ACCTuner: OpenACC Auto-Tuner For Accelerated Scientific Applications
AdvisorsKeyes, David E.
MetadataShow full item record
AbstractWe optimize parameters in OpenACC clauses for a stencil evaluation kernel executed on Graphical Processing Units (GPUs) using a variety of machine learning and optimization search algorithms, individually and in hybrid combinations, and compare execution time performance to the best possible obtained from brute force search. Several auto-tuning techniques – historic learning, random walk, simulated annealing, Nelder-Mead, and genetic algorithms – are evaluated over a large two-dimensional parameter space not satisfactorily addressed to date by OpenACC compilers, consisting of gang size and vector length. A hybrid of historic learning and Nelder-Mead delivers the best balance of high performance and low tuning effort. GPUs are employed over an increasing range of applications due to the performance available from their large number of cores, as well as their energy efficiency. However, writing code that takes advantage of their massive fine-grained parallelism requires deep knowledge of the hardware, and is generally a complex task involving program transformation and the selection of many parameters. To improve programmer productivity, the directive-based programming model OpenACC was announced as an industry standard in 2011. Various compilers have been developed to support this model, the most notable being those by Cray, CAPS, and PGI. While the architecture and number of cores have evolved rapidly, the compilers have failed to keep up at configuring the parallel program to run most e ciently on the hardware.
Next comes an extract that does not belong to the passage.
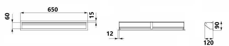 | Išorės matmenys (ilgis x aukštis x gylis) | 650 x 90 x 120 mm |

Following successful approaches to obtain high performance in kernels for cache-based processors using auto-tuning, we approach this compiler-hardware gap in GPUs by employing auto-tuning for the key parameters “gang” and “vector” in OpenACC clauses. We demonstrate results for a stencil evaluation kernel typical of seismic imaging over a variety of realistically sized three-dimensional grid configurations, with different truncation error orders in the spatial dimensions. Apart from random walk and historic learning based on nearest neighbor in grid size, most of our heuristics, including the one that proves best, appear to be applied in this context for the first time. This work is a stepping-stone towards an OpenACC auto-tuning framework for more general high-performance numerical kernels optimized for GPU computations.